Dolors is completely colorblind. She sees the world only in shades of gray. But it was not always so. As a child, she saw colors like everyone else, but when her grandmother, in a fit of temper, struck her with a heavy crystal in the back of the head, Dolors’ color sight was taken away. Seemingly permanently.

But the vision she sees while in a fugue state brought on by that terrible, blinding headache is fantastical in the extreme – and in brilliant, living color. Even in technicolor, although that word hadn’t yet been invented in the summer of 1917.

The sudden re-emergence of color in Dolors’ life is just the beginning. The visions come to the attention of a very young Salvador Dali, just 13 and already on the road to becoming the eccentric artist that he will be remembered for. But in 1917, he is young, still learning, but fascinated with Dolors’ visions and willing to stretch his art to make them come to life.

Dolors’ need to discover the reason for her visions – or more precisely to determine whether or not she is going mad, bring her to the attention of Lidia and Xavi Sala, sister and brother, each revolutionary in their own ways.

Lidia’s revolution is a desire for sexual liberation, she wants to love everyone and doesn’t care who she hurts along the way. Her brother Xavi, however, wants to change the world. Xavi wants to free his country and turn it into a workers’ paradise.

Their flamboyant intersection with Dolors and her tiny little village of Cadaqués will change all of them – some for the better, some for the worse. But before Dolors can be shed of the griefs and sorrows that have weighed down her entire life, first she must drink the bitter cup to its dregs.
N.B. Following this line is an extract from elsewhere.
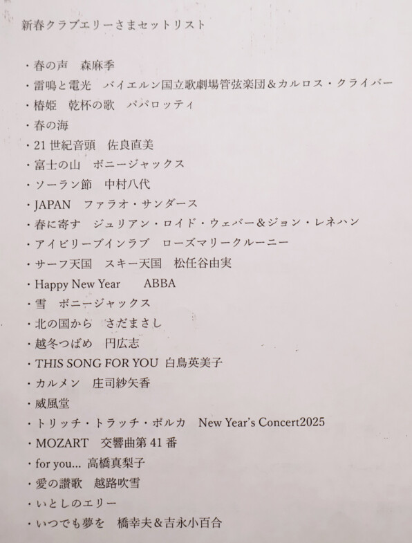 ●新年らしい曲、冬の曲、春を感じさせる曲、そして、いとしのエリー をありがとう\(^o^)/

Escape Rating B+: There is a LOT going on in this story. At the same time, at its heart its a very simple story, the story of one woman moving out of the long shadow of her family’s expectations and finally making a life for herself.
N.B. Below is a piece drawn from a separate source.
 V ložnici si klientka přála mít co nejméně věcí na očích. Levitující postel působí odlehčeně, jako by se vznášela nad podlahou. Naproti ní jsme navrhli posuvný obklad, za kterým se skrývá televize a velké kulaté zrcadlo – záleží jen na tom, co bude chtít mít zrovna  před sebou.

The complications of the story feel like they are all in the background and setup. The introduction of the very young Salvador Dali is fascinating, but at the same time feels like it’s more of a “hook” to get readers to pick up the book than it is an integral part of the story. He’s kind of a symbol of Dolors unstated desire for more color in her life, both literal color and figurative color, than she is willing to own up to at the beginning.
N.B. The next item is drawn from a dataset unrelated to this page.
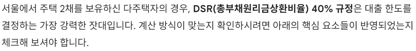 제미나이에게 서울 2주택자 DSR 한도가 몇프로인지 확인하고,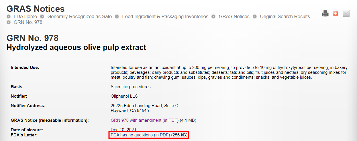 FDA GRAS (GRN No.978) | 水解橄榄浆水提物 | 2021年12月10日 | Oliphenol LLC | |

The political upheaval of the period is represented by Xavi’s revolutionary agitation, but again, it feels more symbolic than it does a real part of Dolors’ personal story – and this is at its heart her personal story and not the story of the wider world.

The political ferment does have its effects. Even in backwater Cadaqués, the world is changing. A change that inveigles itself into Dolors’ life with the return of color and the introduction of the Salas.

But the story is of Dolors’ quiet revolution. The way that she slowly, and initially very cautiously, moves herself out of her grandmother’s long and hateful shadow, and at first carefully and then recklessly starts to live her own life, always looking over her shoulder at the demons of the past.

While Dolors’ is trying to move forward in her life, her grandmother is doing her level best – and worst – to keep the entire family moored in the past and under her heavy thumb. It’s a situation that brews throughout the story until it comes to its inevitable head at the climax.

But the one to watch in this story is Dolors’ every step of the way. This is the story of the brilliantly colored butterfly emerging from its drab cocoon. A story that is slow to unfold but surprisingly lovely in its portrait of a woman on the cusp of change.